Day 24 – 29 (End in sight)
Having just lost my dad, the daily running took on a new significance. I think it gave me something positive to focus on and these sessions in the fresh air, talking to my friend who was a great support, really helped me. I found a sense of purpose in running at this point in time – I’m sure it kept me calmer and held the stress and strain at bay a little.
Looking at all our completed runs on the wall chart, with only a few more to go, was a very bittersweet feeling. Before we knew it, we were here:
Reaching day 30 felt like a brilliant achievement – I couldn’t believe it had finally arrived. We asked a runner on this bridge if he’d take our photo to mark the occasion. We did our final 5k and then headed to the pub straight after for a well earned glass of wine.
During the challenge I felt hungrier some days and ate more than usual. I was ok with that though as it wasn’t about calorie counting; I figured I needed the extra fuel. By the end, I had in fact lost a bit of weight, 4lbs. But the main difference I noticed was how my body had toned up and I don’t mind admitting that seeing the physical changes was encouraging. We’d covered about 130km in total and I was impressed with what my legs had achieved, as I’d never given them much credit before!

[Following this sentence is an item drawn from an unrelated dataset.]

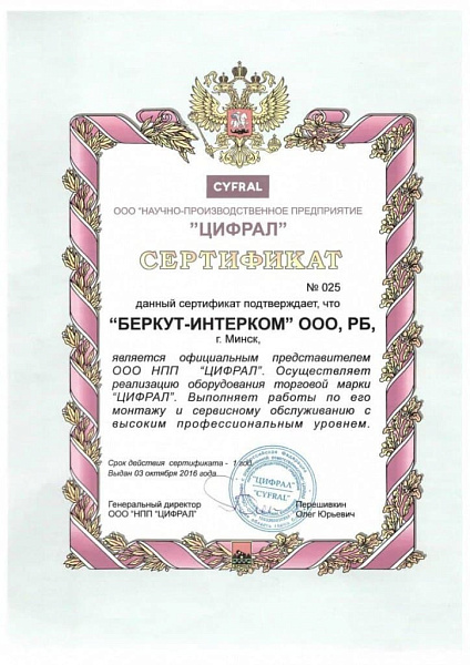 В Республике Беларусь официальным представителем бренда "Cyfral" является компания ООО "Беркут-ИНТЕРКОМ". Мы осуществляем реализацию оборудования, выполняем работы сервисному обслуживанию с высоким профессиональным уровнем.В офисе ООО "Беркут-ИНТЕРКОМ" и на нашем сайте вы всегда сможете получить подробную техническую консультацию по вопросам подбора и эксплуатации оборудования Цифрал.

My friend and I each got a personal best doing Parkrun a week after our 30 day challenge, so it felt like all that extra effort had paid off. Having never ran 5km in less than 30 minutes before, I did it in 28.5 minutes.
It’s a couple of weeks since the challenge and I have run 3 x per week, which I hope to keep up. Would I recommend this challenge to you? Definitely – if I can do it, you can.
Would I do it again in the future? Well maybe… just not for a while I guess!